Letter by letter, the old world of her parents opened up. She
learned about a father she barely remembered and about a mother
whose heroism on the home front was underscored by a wifely
anxiety that she rarely revealed while raising three children
alone. For Brigham, who had read countless historical documents
as a writer of six books (four of them on Columbus), this intimate
look proved to be a comfort she never expected. "Getting
to know him was a healing process for me," Brigham says.
"I now feel like I really know my father." Her brother
Mike Klein, a retired FBI agent, had the same reaction: "The
letters personalized him for me, but it also reminded me of
the sacrifices our fathers gave for this country and how that
kind of sacrifice is still happening."
It was the stoic heroism that touched Brigham's daughter, lawyer
Amy Boulris. For Boulris, pregnant with her third child and
about the same age her grandmother was when her grandfather
died, reading the letters has prompted her to look inward. "It's
made me ask myself: If my grandfather and grandmother did this,
would they be proud of me? Am I doing something that's worthy
of their sacrifice?"
Brigham's original intention was to compile the letters for
her immediate family -- Mike, sister Cissy, her four children
and her nephews and nieces. But her Barcelona editor, a naval
history aficionado, became intrigued with her discovery. He
convinced her that the message of love and faith deserved a
bigger audience, particularly with this generation's growing
interest in World War II.
"I'm fortunate to have these letters, but there are a lot
of war orphans who don't have anything," she says. "They
know very little about their fathers."
Brigham's younger sister, Cissy Peters, who lives in Canada,
considers the letters a precious gift. "When I received
the original manuscript, I knew it was special, but I was unprepared
for the profound effect it would have on me. I was on holiday
that August, and I sat alone on the shores of Lake Erie in southern
Ontario, and I read and sobbed for three days."
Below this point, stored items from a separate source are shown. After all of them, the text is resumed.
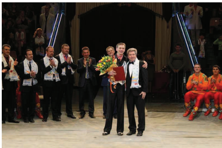
Attrazione "Lioness's Empire di Vitaly Smolyanets, leoni e tigri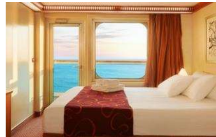
Slike kabina informativnog su karaktera.

Nadopлата za korištenje dvokrevetne kabine kao JEDNOKREKETNE – isključivo na upit Broj višekrevetnih kabina prema ovim uvjetima je ograničen.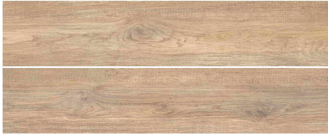
S-Tech Uppsala Natural 30x150 R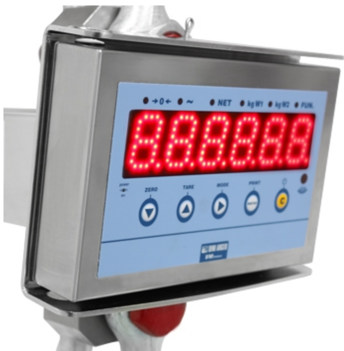
Dinamometro MCW09: display super-luminoso da 40mm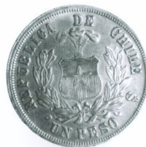
250. 1 Peso 1868 Anverso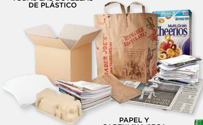
PAPEL Y CARTULINA SECA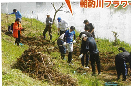
あじさい畑づくり (4月)

Brigham feels grateful to her mother for saving them. Jacque
Klein even wrote a foreword to her children, which Brigham discovered
while scrambling to save heirlooms during Hurricane Andrew:
"He is an attractive acquaintance to you, and I want you
to know and love him as I did. I learned to know and love him
through his letters ... I shall tell you our story through his
letters and, as well as I can remember, my answers to them."
History has always carried a touch of the personal for Brigham.
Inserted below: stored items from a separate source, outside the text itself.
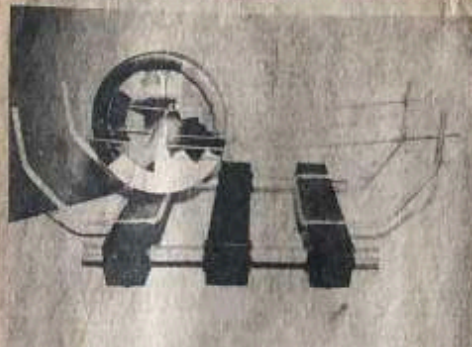
"Popolo" /vital con rotación muestra lo cíclico de los sucesos y de la vida en general.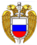
Федеральная служба охраны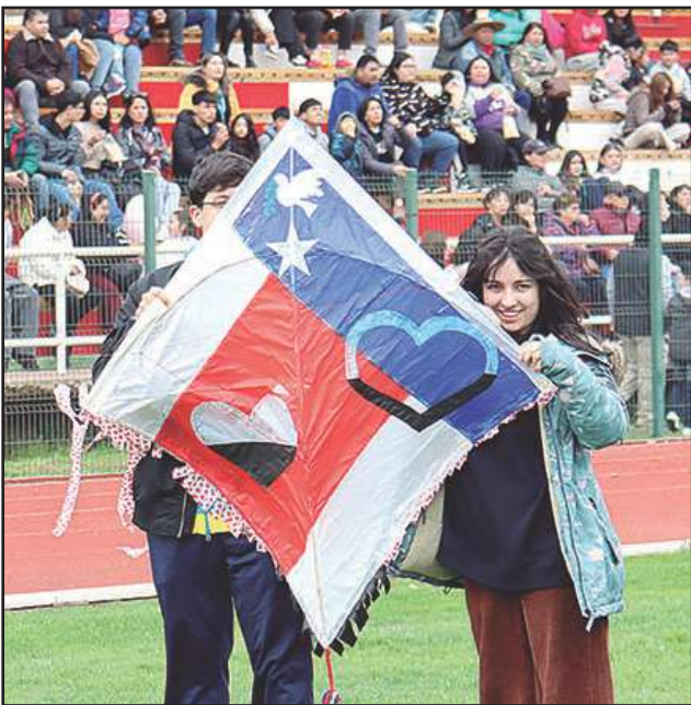
También se premió al volantín más bonito y al que fue elevado más alto.

As a child growing up in Virginia, Christopher Columbus fascinated
her when a friend of her father's wrote a Pulitzer Prize-winning
biography of the man. After attending Rollins College as a Spanish
major, she pursued her love of Spanish literature and history
as a Woodrow Wilson Fellow at Claremont Graduate School. Perhaps
it is her historian's background that helped her communicate
with the German captain of U-616 in 1999, when she wrote him
a letter introducing herself. He wrote back immediately. Both
letters are included at the end of the book. Though they had
an opportunity to meet, Brigham decided the brief correspondence
was enough for her. "It was war, and this is what these
men did. I could understand that, because my father was a man
of war, too." Brigham worries about the lost art of letter
writing at a time when the United States is involved in a different
kind of war. In this era of technology, young soldiers call
and e-mail home, a wonderfully instantaneous form of communication
but something that might not weather the test of time as well.